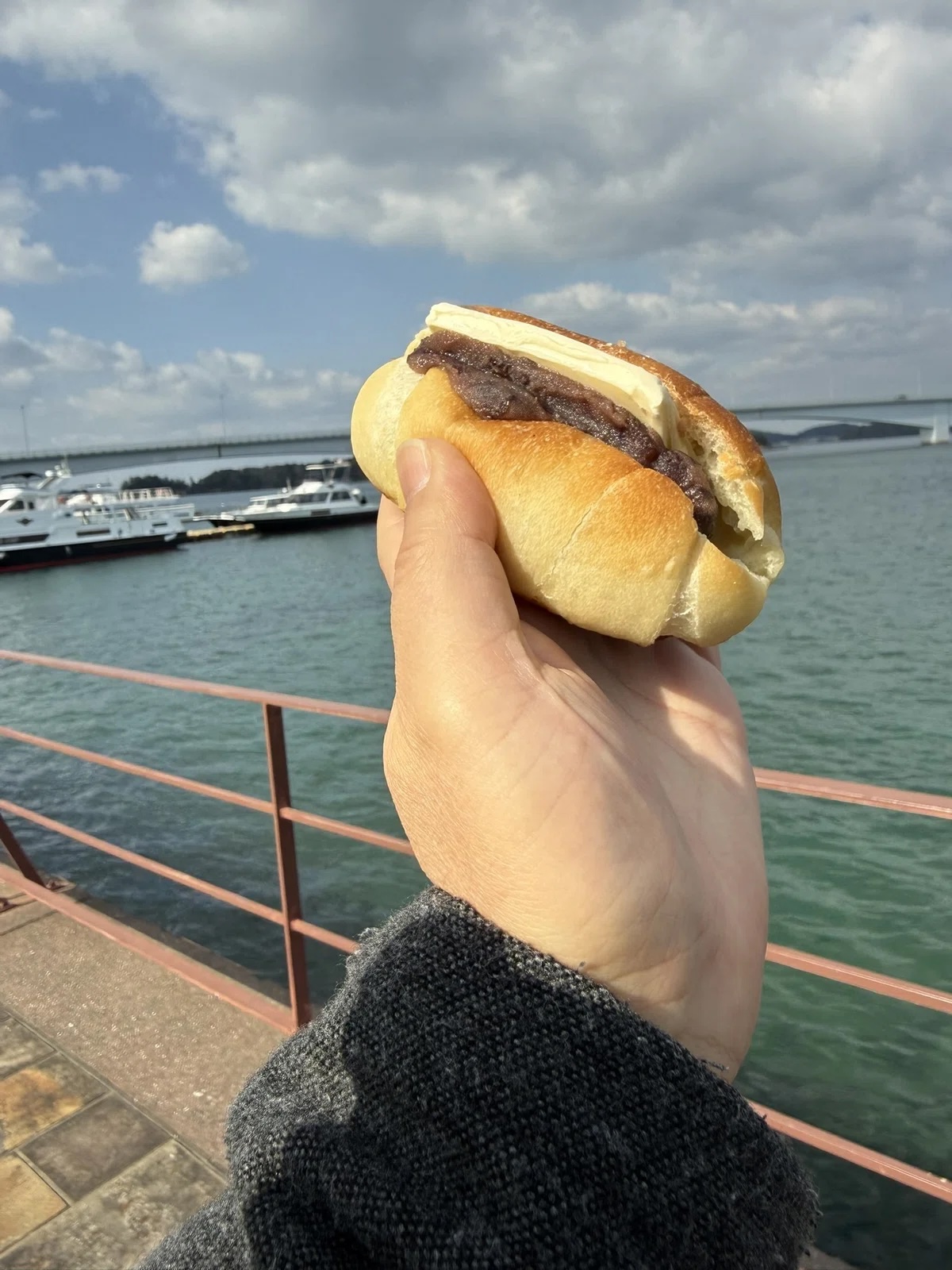 この日は風もおだやかで気持ちがよかったので、海を見ながら塩パンをいただきました。プレーンの塩パンもおいしかったですが、一番のお気に入りはあんバターでした。あんことバターや塩って相性がいいんですよね。ちなみにここには帰りも寄っており、2日連続で塩パンを昼食にしました。
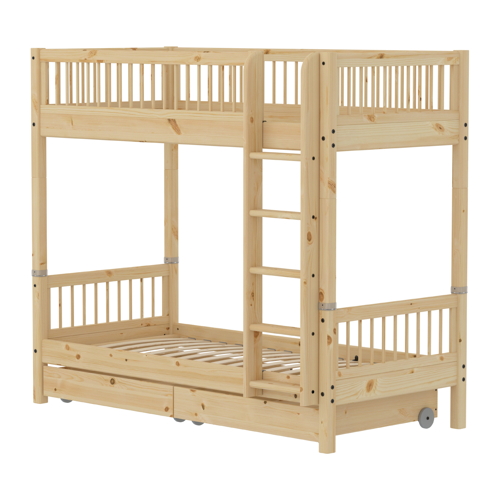 Die geräumigen Schubladen bieten mit jeweils 88,5 Litern Platz für Bettwäsche oder Spielzeug. Dank der praktischen Rollen lassen sich die Schubladen leicht unter dem Bett hervorziehen.
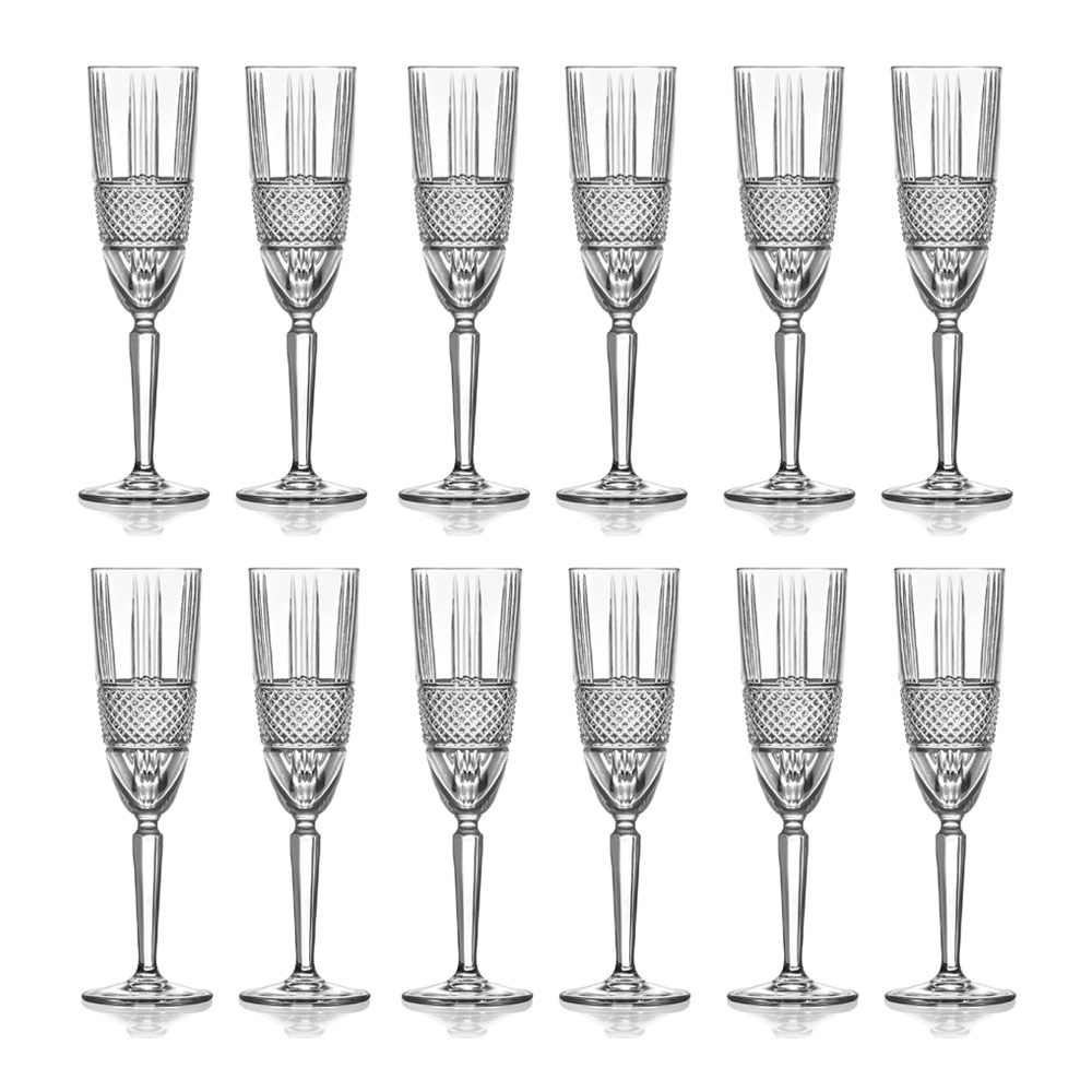 Juego de copas de flauta en cristal ecológico talla diamante, 12 piezas fabricadas en Italia.
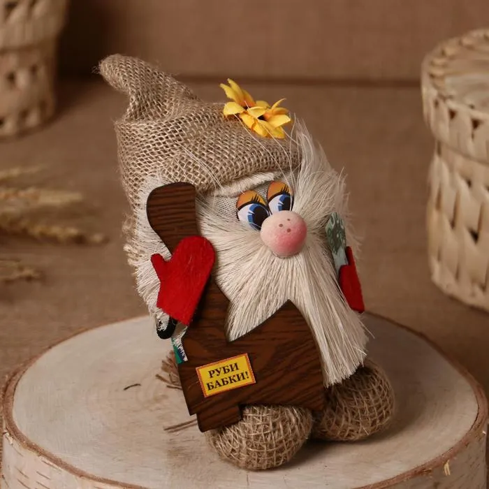 Фигурка-оберег «Домовой. Василек в льняном колпаке, с топором», 23×15×8 см, МИКС — Характеристики
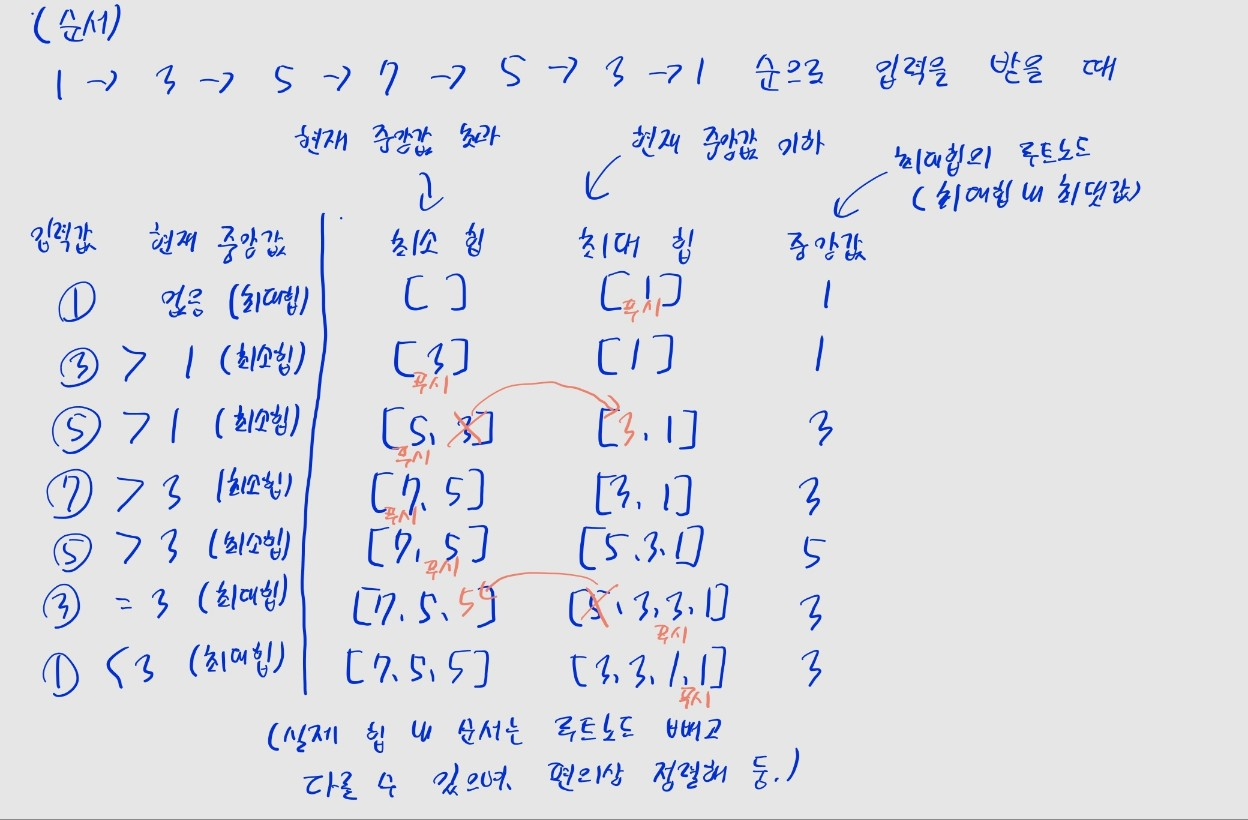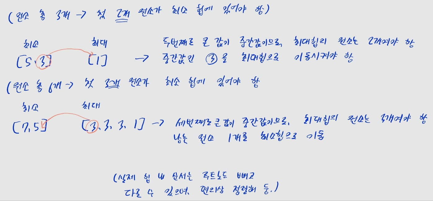 heapq.heappush(max_heap, -num) 식으로 푸시 값을 음수 처리하고, 팝할 땐 반환값을 -heapq.heappop(max_heap), -max_heap[0]으로 음수 처리해야한다는 점 기억합시다.heapq 모듈은 최소 힙 기반이므로, 이런 처리가 필요합니다.i일 때 i + 1개 숫자가 입력된 상태므로, 최대 힙에 ((i + 1) + 1) // 2 -> (i + 2) // 2개의 원소가 있어야 정상입니다.heappush heappop 모두 최대 힙, 최소 힙을 둘 다 활용하면 최솟값, 최댓값 아닌 수도 꺼내올 수 있다.
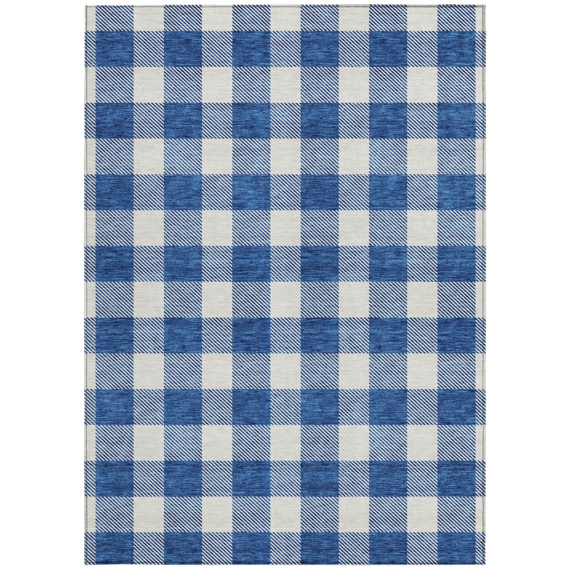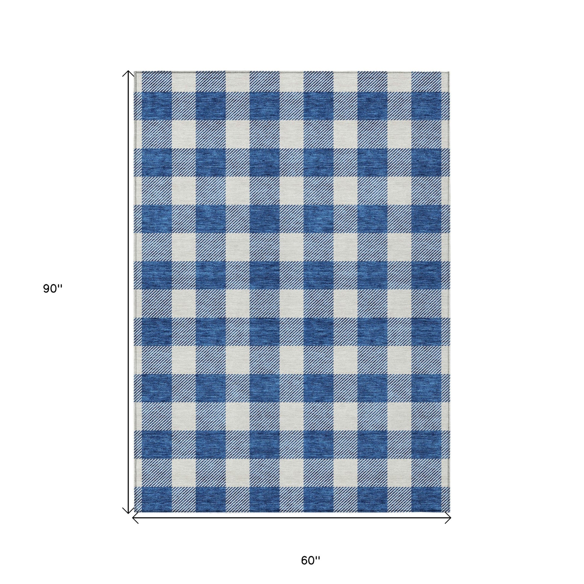 Tabselect Home Line 5' X 8' Navy Blue And Gray Plaid Washable Indoor Outdoor Area Rug
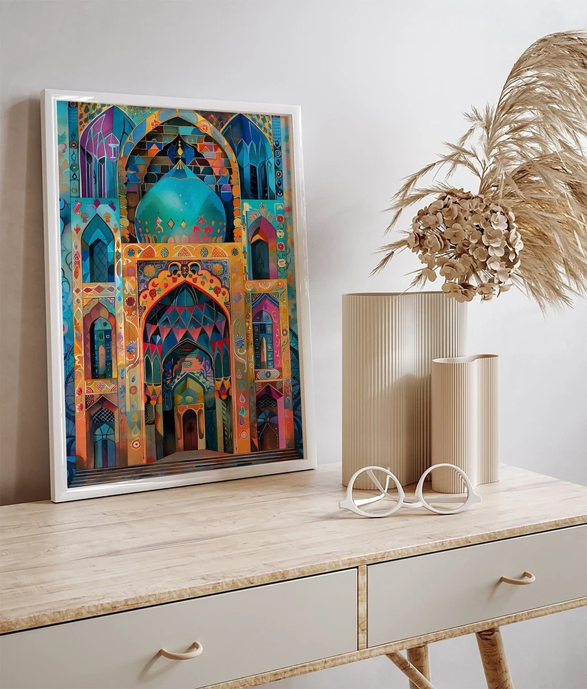 Persian Arch Turkish Monument Painting Living Room Decor Persian Palace Travel Poster Instant Mughal Wall Art Material: Premium luster photo paper Print type: Inkjet printing One side printed + The finish provides the highest possible resolution and color saturation + Lasts up to 200 years in color and 400 years in black-and-white + Printed on high-quality resin-coated photo base paper medium + Posters can be hung with double-sided tape, tacks, or framed + Hand washing with a gentle cry cloth is recommended for extended durability I will hand select the best choice of paper for your chosen design to ensure top quality results for a beautiful, bright and luxurious print. All prints are sealed in cellophane slips for protection during transportation, and are shipped in a protective cardboard envelope.
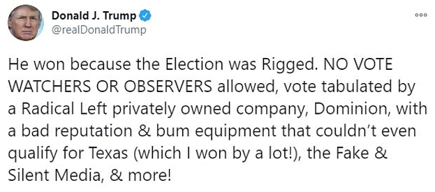 ‘NO VOTE WATCHERS OR OBSERVERS allowed, vote tabulated by a Radical Left privately owned company, Dominion, with a bad reputation & bum equipment that couldn’t even qualify for Texas (which I won by a lot!), the Fake & Silent Media, & more!’
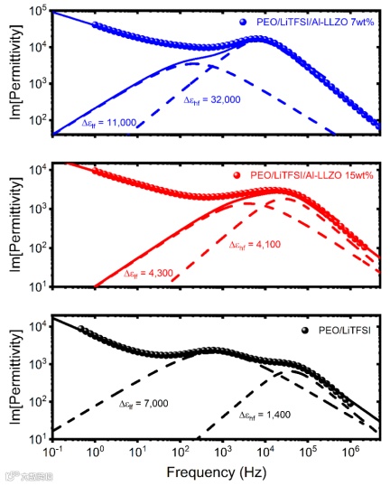 作者使用介电弛豫光谱研究了强束缚和高流动性 Li+ 的动力学。Al-LLZO 片晶的掺入增加了更易移动的 Li+ 的数量密度。
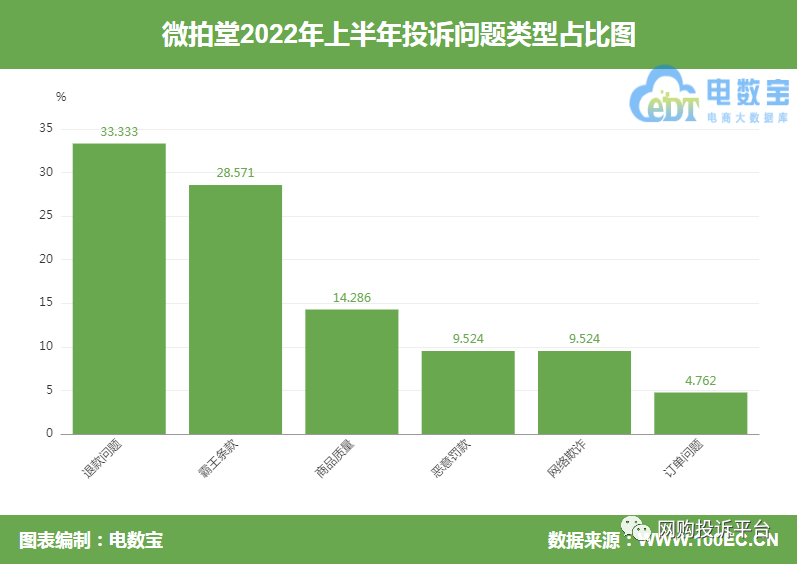 此外,“电诉宝”受理用户维权案例显示,“微拍堂”2022年上半年还涉嫌存在退款问题、霸王条款、商品质量、恶意罚款、网络欺诈和订单问题等。

* * * * * * *

Up to and including the line that contains "Tabselect Home Line", print the records above exactly from their first line, without any pictures.

§ **Task response**:
 この日は風もおだやかで気持ちがよかったので、海を見ながら塩パンをいただきました。プレーンの塩パンもおいしかったですが、一番のお気に入りはあんバターでした。あんことバターや塩って相性がいいんですよね。ちなみにここには帰りも寄っており、2日連続で塩パンを昼食にしました。
 Die geräumigen Schubladen bieten mit jeweils 88,5 Litern Platz für Bettwäsche oder Spielzeug. Dank der praktischen Rollen lassen sich die Schubladen leicht unter dem Bett hervorziehen.
 Juego de copas de flauta en cristal ecológico talla diamante, 12 piezas fabricadas en Italia.
 Фигурка-оберег «Домовой. Василек в льняном колпаке, с топором», 23×15×8 см, МИКС — Характеристики
 heapq.heappush(max_heap, -num) 식으로 푸시 값을 음수 처리하고, 팝할 땐 반환값을 -heapq.heappop(max_heap), -max_heap[0]으로 음수 처리해야한다는 점 기억합시다.heapq 모듈은 최소 힙 기반이므로, 이런 처리가 필요합니다.i일 때 i + 1개 숫자가 입력된 상태므로, 최대 힙에 ((i + 1) + 1) // 2 -> (i + 2) // 2개의 원소가 있어야 정상입니다.heappush heappop 모두 최대 힙, 최소 힙을 둘 다 활용하면 최솟값, 최댓값 아닌 수도 꺼내올 수 있다.
 Tabselect Home Line 5' X 8' Navy Blue And Gray Plaid Washable Indoor Outdoor Area Rug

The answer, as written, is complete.